TREATMENT OF LYME DISEASE
ANTIBIOTIC THERAPY
Oral antibiotic therapy is the usual course of treatment for Lyme disease. IV antibiotic therapy is generally indicated only in individuals who have symptoms and laboratory findings consistent with CNS or peripheral neurologic involvement, those who have heart block, or those who have been diagnosed with Lyme arthritis who have not responded to oral antibiotics. IV antibiotic therapy consists of a single two-to-four–week course of ceftriaxone or cefotaxime, both third-generation cephalosporins, penicillin, or chloramphenicol. With the exception of refractory Lyme arthritis, there is insufficient data to suggest that prolonged or repeated courses of IV antibiotics are effective. A repetitive course of IV antibiotic may be necessary for refractory Lyme arthritis. The lack of response should suggest an incorrect diagnosis or a slow resolution of symptoms, which is commonly seen in Lyme disease. In addition, some symptoms (such as Lyme arthritis) may persist after treatment, which could be attributed to various self-sustaining inflammatory mechanisms rather than persistent infection.
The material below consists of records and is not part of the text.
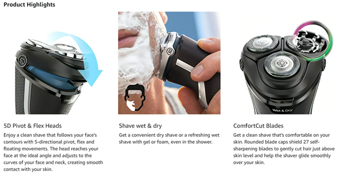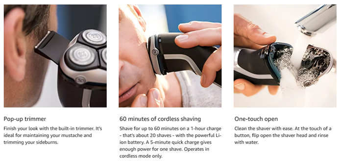 - Enjoy a clean shave that follows your face's contours with 5-directional pivot, flex and floating movements. The head reaches your face at the ideal angle and adjusts to the curves of your face and neck, creating smooth contact with your skin.
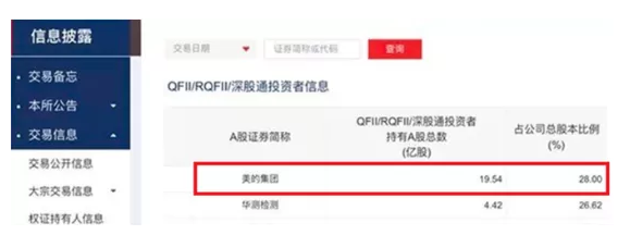 1月21日,深交所交易信息显示,截至1月20日,美的集团的外资(含QFII、RQFII、深股通投资者等)持股比例达28%,其中北上资金持有美的集团12.25亿股,占总股本的17.55%;QFII、RQFII等持有约7.29亿股,占总股本约10.45%,确认触及沪深股通的“限购线”。
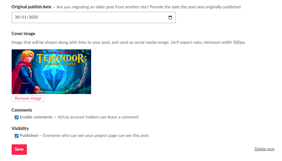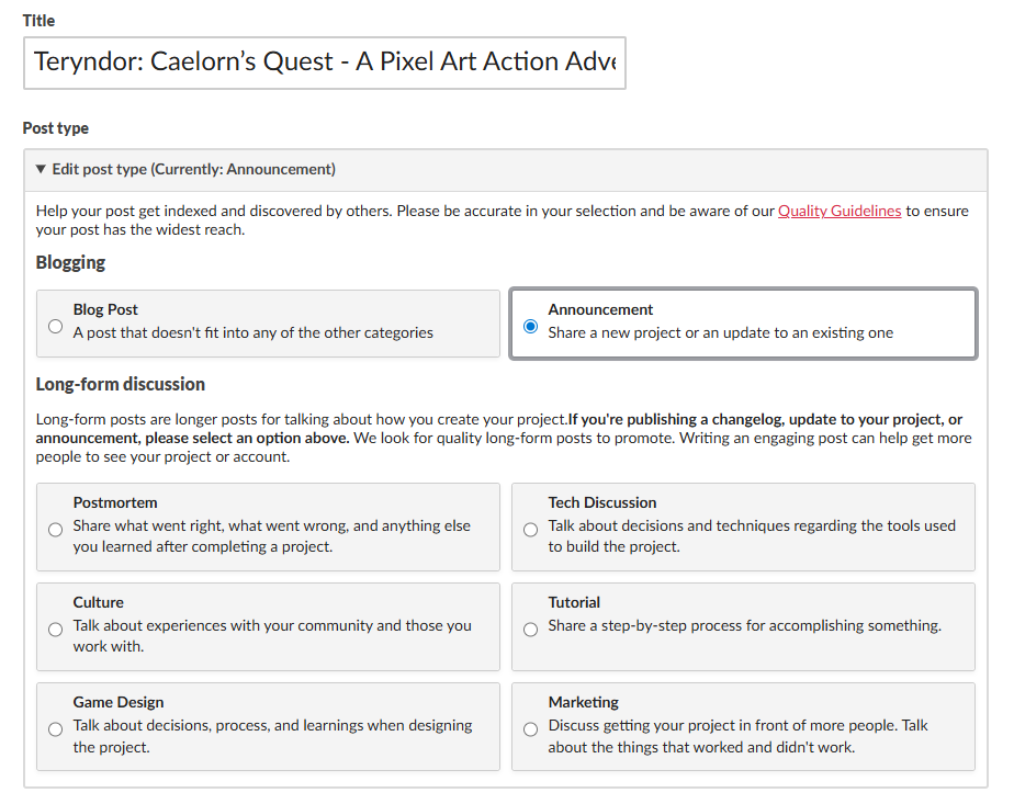 Here is the link to my post: https://itch.io/blog/1129212/teryndor-caelorns-quest-a-pixel-art-action-adventur...
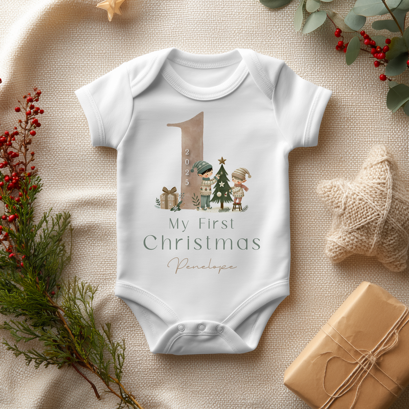 My First Christmas Cute Elf Personalised Baby Bodysuit
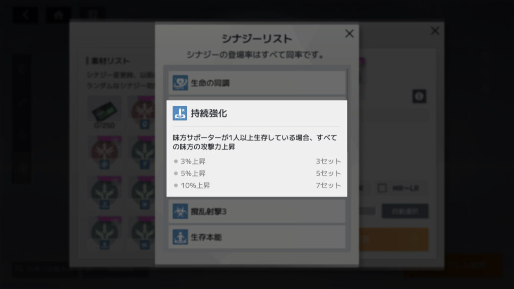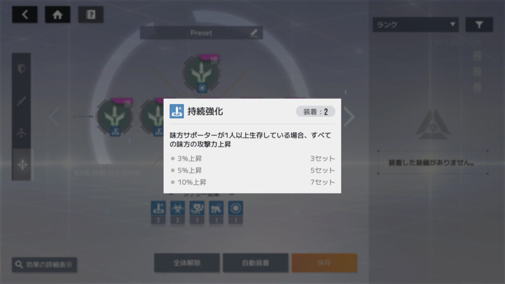 サポーターのエンブレム、素材を全部使って持続強化を2セット揃えたけど、効果はまだ発動せず
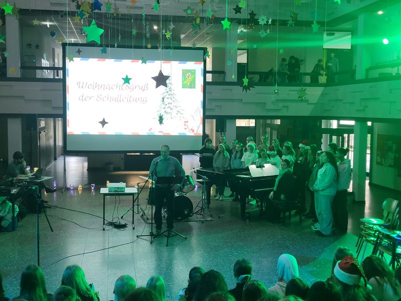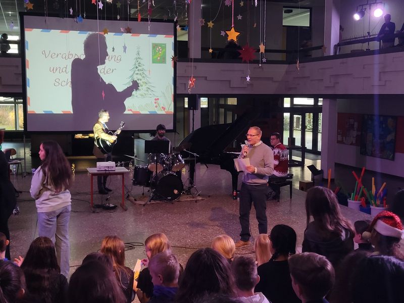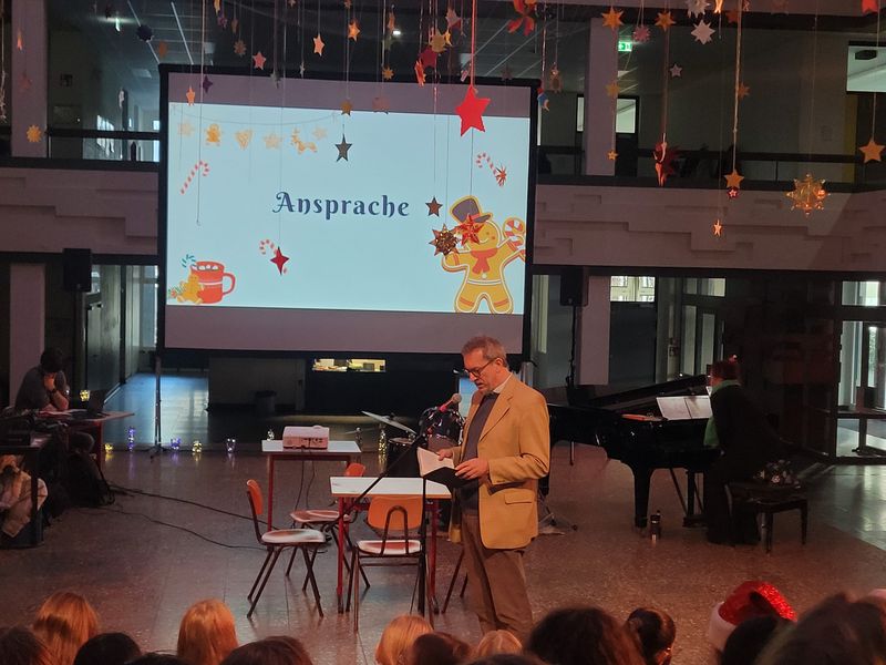 Unser neuer Schulleiter Herr Essich lud uns mit einer Weihnachtsgeschichte zu weihnachtlichen Gedanken ein und wünschte der ganzen Schulgemeinschaft Frieden und Gesundheit.
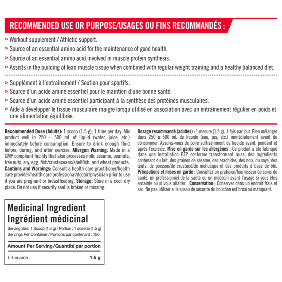 Each scoop of BioSteel’s Fermented Leucine powder is packed with 1500 mg of pure leucine per serving, and nothing else. This powerful amino acid helps build lean muscle and maintain overall good health. Easily stack this unflavoured powder in your shakes or your favourite BioSteel products to build your own custom creations, without compromising taste.
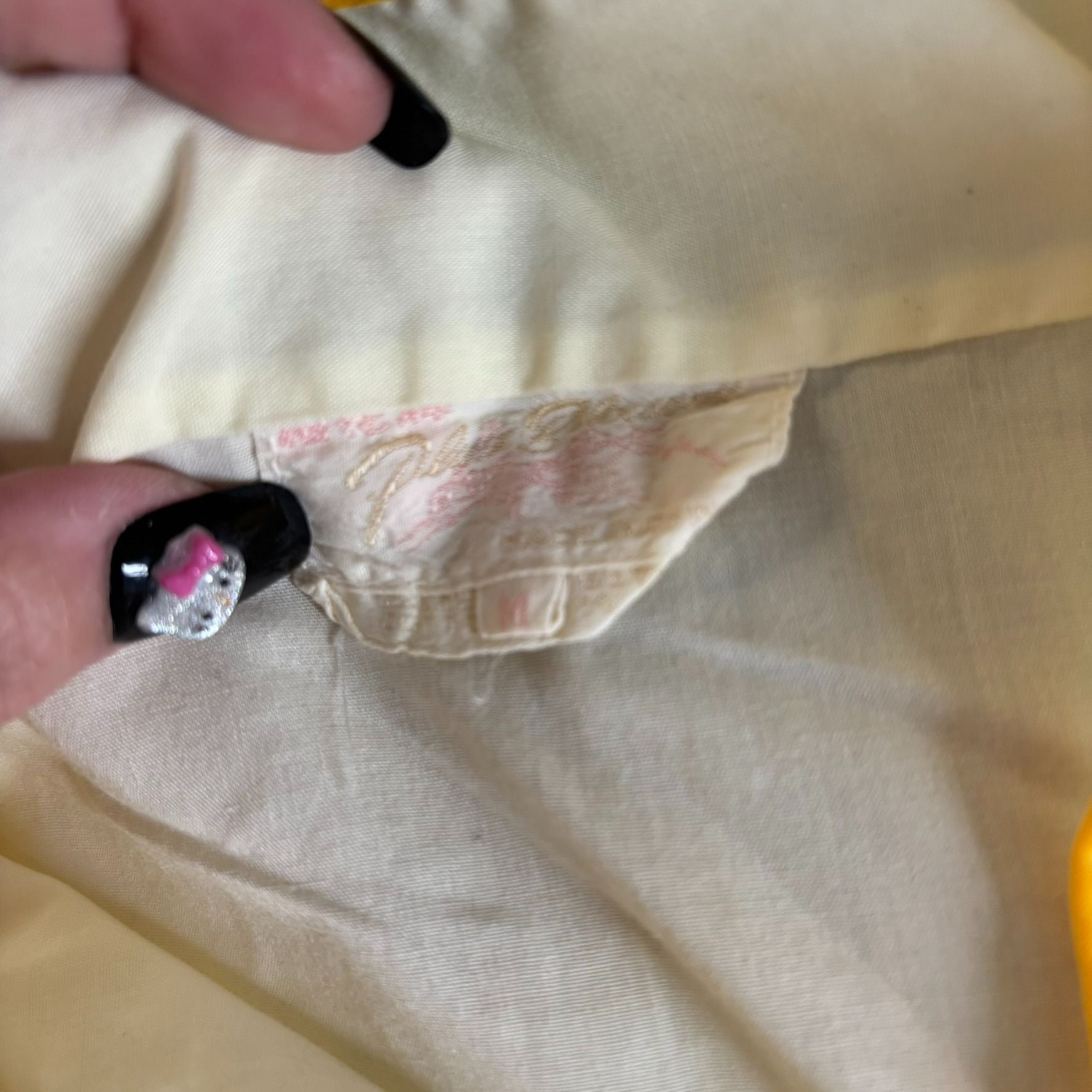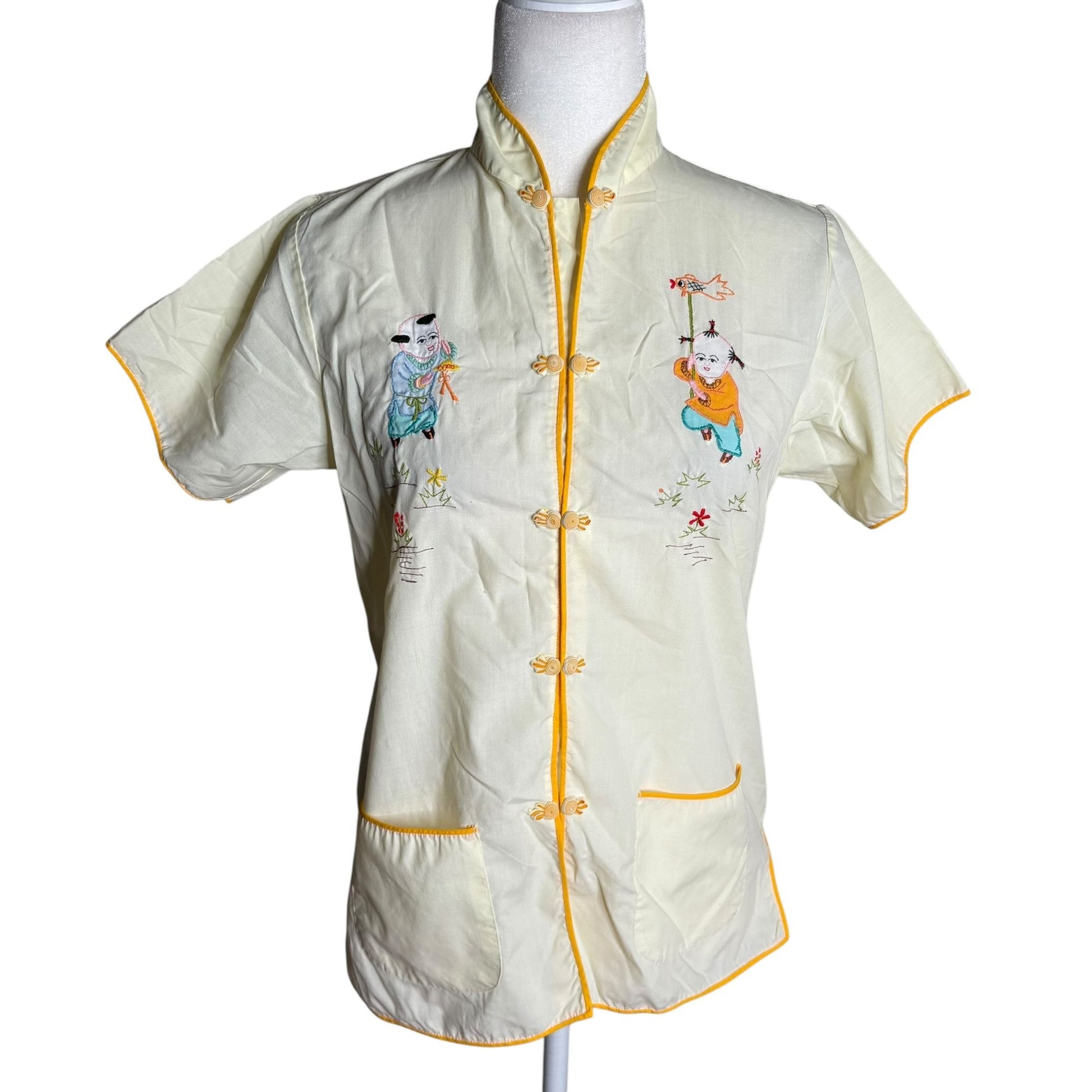 Vintage 70s Embroidered Chinese Short Sleeve Top Small Yellow Snaps Pockets

There is no current evidence to support the use of antibiotics beyond four weeks in individuals with chronic symptoms after standard, efficacious treatment for Lyme disease.
In a randomized, double-blinded, placebo-controlled trial, Berende et al. (2016) assessed longer-term antibiotic therapy for persistent symptoms (musculoskeletal pain, arthritis, arthralgia, neuralgia, sensory disturbances, dysesthesia, neuropsychological disorders, or cognitive disorders, with or without persistent fatigue) attributed to Lyme Disease. Researchers evaluated 281 participants who either had proven case of symptomatic Lyme disease (symptoms temporally related to an erythema migrans rash) or were accompanied by B. burgdorferi IgG or IgM antibodies, as confirmed by immunoblot assay. All participants received open-label ceftriaxone intravenously daily for 14 days, followed by an investigative oral treatment course of either doxycycline (n=86), clarithromycin (n=96) or a placebo (n=98) for 12-weeks. The primary outcome of interest was health-related quality of life (measured by physical component summary score (PCS) of the RAND SF-36 (range between 15 to 61, higher scores indicating higher quality of life), at the end of the treatment (14 weeks). Secondary outcomes assessed were the physical and mental health aspects of health-related quality of life, assessed by subscales of RAND SF-36, and fatigue. SF-36 PCS did not significantly differ across 3 study groups (P=0.69). All of the secondary outcomes failed to differ significantly. This trial suggests longer-term antibiotic treatment (ceftriaxone followed by 12 weeks of either doxycycline or clarithromycin–hydroxychloroquine) did not have additional health-related quality of life benefits beyond those with shorter-term treatment (ceftriaxone followed by placebo).
LYME DISEASE IMMUNIZATION VACCINE
Currently, there is no available vaccine against Lyme disease.